**DIRECTIONS FOR THIS TASK**
Repeat the listing that follows exactly. Pictures are not part of the copy.

**SUPPLIED MATERIAL**
+ + + +

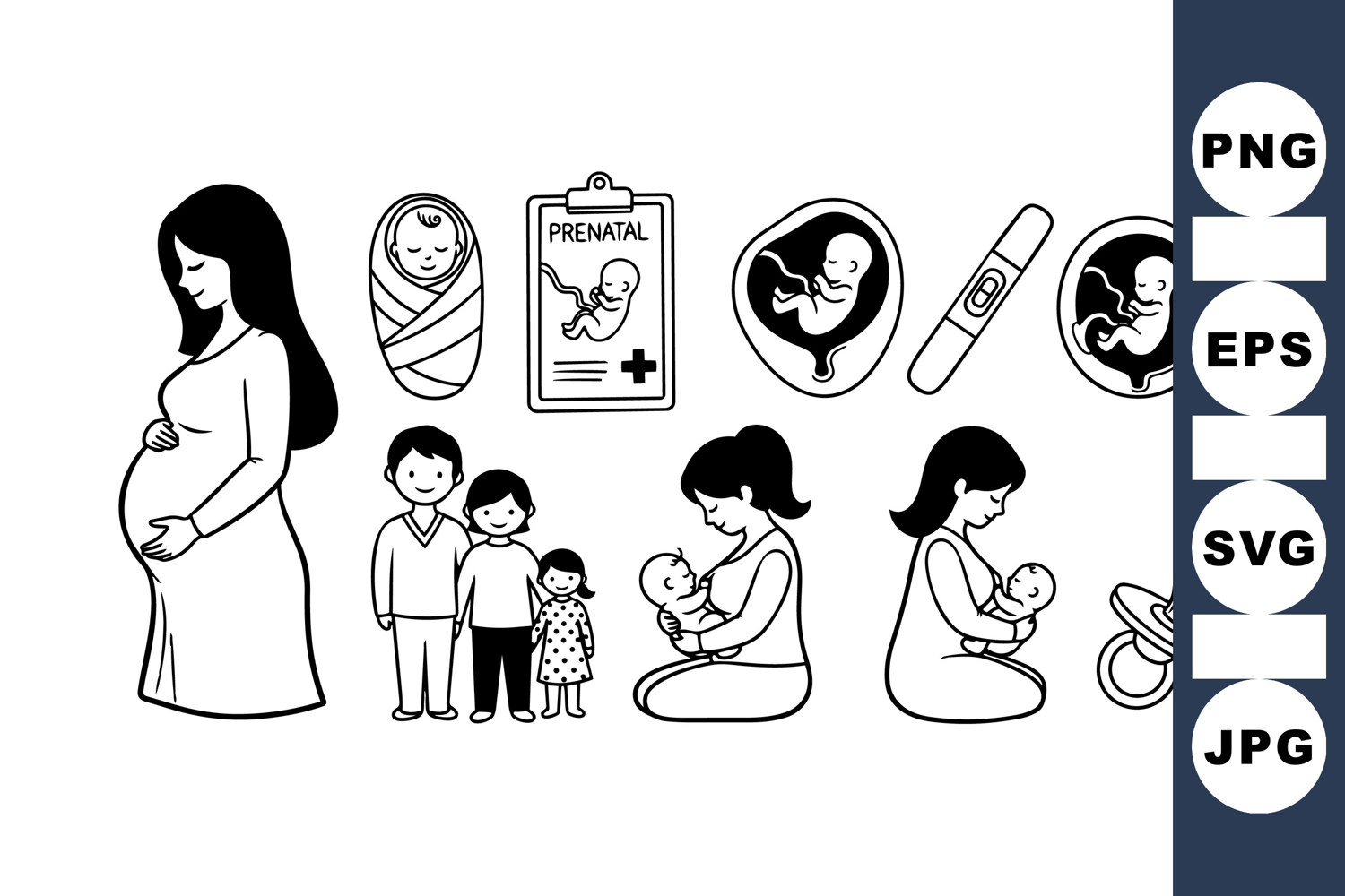 A black and white vector collection illustrating pregnancy stages, prenatal care symbols, family members, breastfeeding mothers, and baby items, presented in simple line art style for educational and health use.
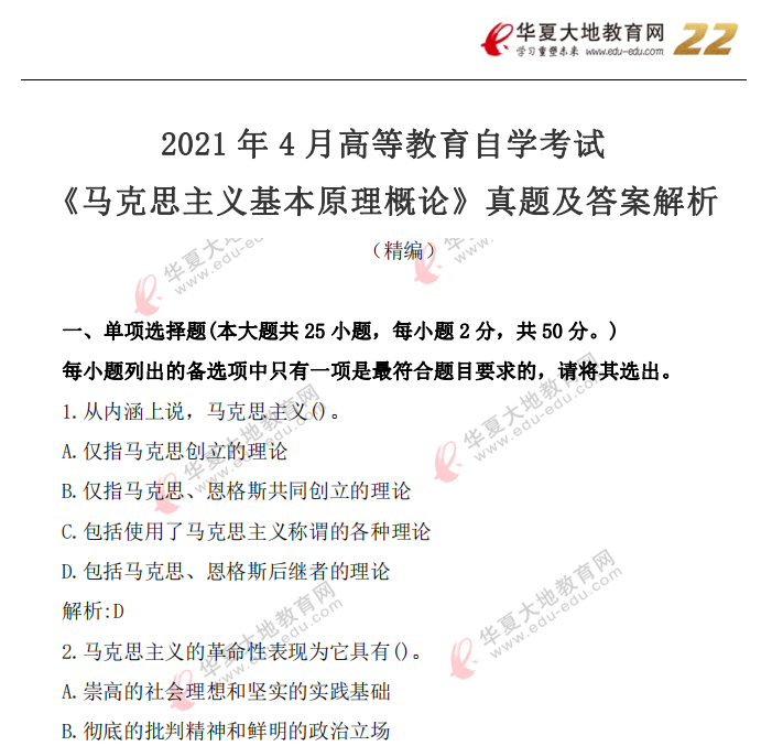 资料简介:2021年4月自考真题—《马克思主义基本原理概论》
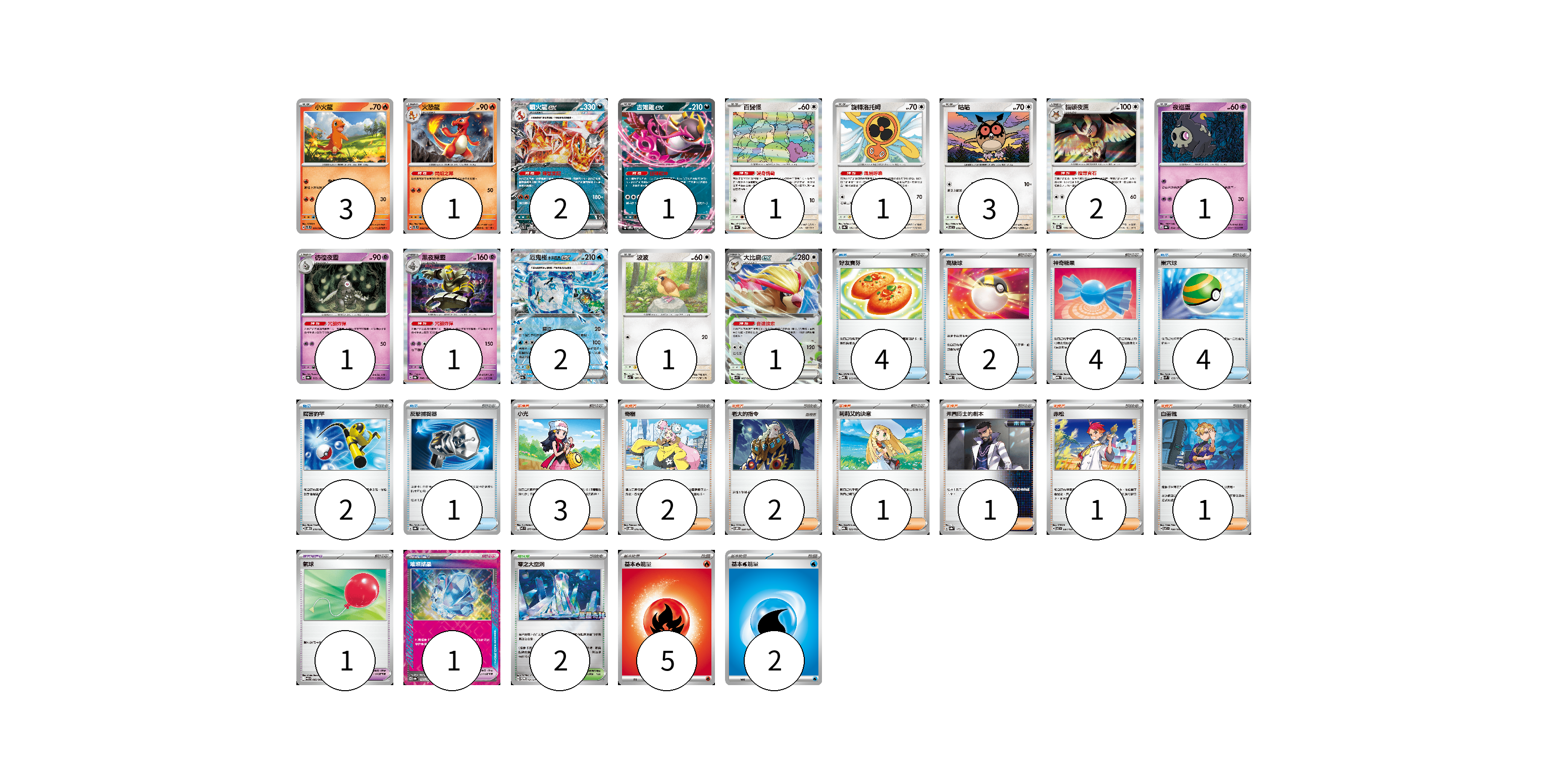 牌組構築方案 以此牌組為基礎新構築牌組 顯示卡面 顯示列表 寶可夢卡(21) 3 1 2 1 1 1 3 2 1 1 1 2 1 1 寶可夢道具(2) 1 1 物品卡(17) 4 2 4 4 2 1 支援者卡(11) 3 2 2 1 1 1 1 競技場卡(2) 2 能量卡(7) 5 2 寶可夢卡(21) 卡牌名稱 張數 卡牌名稱 張數 小火龍 SVTL 001/021 03 火恐龍 SVTL 002/021 01 噴火龍ex SVTL 006/021 02 吉雉雞ex SVOM 009/021 01 百變怪 SV4a 144/190 01 旋轉洛托姆 SV8a 131/187 01 咕咕 SV7 076/102 03 貓頭夜鷹 SV8a 128/187 02 夜巡靈 SV8a 064/187 01 彷徨夜靈 SV8a 065/187 01 黑夜魔靈 SV8a 066/187 01 厄鬼椪 水井面具ex SV8a 050/187 02 波波 SV3 087/108 01 大比鳥ex SVK 005/042 01 寶可夢道具(2) 卡牌名稱 張數 卡牌名稱 張數 氣球 SV11B 082/086 01 璀璨結晶 SV8a 152/187 01 物品卡(17) 卡牌名稱 張數 卡牌名稱 張數 好友寶芬 MBD 013/022 04 高級球 MBD 014/022 02 神奇糖果 MBG 013/022 04 巢穴球 SVM 133/175 04 厲害釣竿 SVOD 010/020 02 反擊捕捉器 SV8a 139/187 01 支援者卡(11) 卡牌名稱 張數 卡牌名稱 張數 小光 M2 077/080 03 奇樹 SVOD 016/020 02 老大的指令 SVOM 020/021 02 莉莉艾的決意 MBG 022/022 01 弗圖博士的劇本 SV8a 175/187 01 赤松 SV7 097/102 01 白蕾雅 SV7 100/102 01 競技場卡(2) 卡牌名稱 張數 卡牌名稱 張數 零之大空洞 SV-P 151/SV-P 02 能量卡(7) 卡牌名稱 張數 卡牌名稱 張數 基本【火】能量 M-P FIR 05 基本【水】能量 SVF WAT 02 以此牌組為基礎新構築牌組 牌組編碼 ZFOSub-DmJBRc-afiuLk copy 列印牌組單 牌組編碼已複製 分享至SNS

+ + + +

**YOUR SOLUTION**
 A black and white vector collection illustrating pregnancy stages, prenatal care symbols, family members, breastfeeding mothers, and baby items, presented in simple line art style for educational and health use.
 资料简介:2021年4月自考真题—《马克思主义基本原理概论》
 牌組構築方案 以此牌組為基礎新構築牌組 顯示卡面 顯示列表 寶可夢卡(21) 3 1 2 1 1 1 3 2 1 1 1 2 1 1 寶可夢道具(2) 1 1 物品卡(17) 4 2 4 4 2 1 支援者卡(11) 3 2 2 1 1 1 1 競技場卡(2) 2 能量卡(7) 5 2 寶可夢卡(21) 卡牌名稱 張數 卡牌名稱 張數 小火龍 SVTL 001/021 03 火恐龍 SVTL 002/021 01 噴火龍ex SVTL 006/021 02 吉雉雞ex SVOM 009/021 01 百變怪 SV4a 144/190 01 旋轉洛托姆 SV8a 131/187 01 咕咕 SV7 076/102 03 貓頭夜鷹 SV8a 128/187 02 夜巡靈 SV8a 064/187 01 彷徨夜靈 SV8a 065/187 01 黑夜魔靈 SV8a 066/187 01 厄鬼椪 水井面具ex SV8a 050/187 02 波波 SV3 087/108 01 大比鳥ex SVK 005/042 01 寶可夢道具(2) 卡牌名稱 張數 卡牌名稱 張數 氣球 SV11B 082/086 01 璀璨結晶 SV8a 152/187 01 物品卡(17) 卡牌名稱 張數 卡牌名稱 張數 好友寶芬 MBD 013/022 04 高級球 MBD 014/022 02 神奇糖果 MBG 013/022 04 巢穴球 SVM 133/175 04 厲害釣竿 SVOD 010/020 02 反擊捕捉器 SV8a 139/187 01 支援者卡(11) 卡牌名稱 張數 卡牌名稱 張數 小光 M2 077/080 03 奇樹 SVOD 016/020 02 老大的指令 SVOM 020/021 02 莉莉艾的決意 MBG 022/022 01 弗圖博士的劇本 SV8a 175/187 01 赤松 SV7 097/102 01 白蕾雅 SV7 100/102 01 競技場卡(2) 卡牌名稱 張數 卡牌名稱 張數 零之大空洞 SV-P 151/SV-P 02 能量卡(7) 卡牌名稱 張數 卡牌名稱 張數 基本【火】能量 M-P FIR 05 基本【水】能量 SVF WAT 02 以此牌組為基礎新構築牌組 牌組編碼 ZFOSub-DmJBRc-afiuLk copy 列印牌組單 牌組編碼已複製 分享至SNS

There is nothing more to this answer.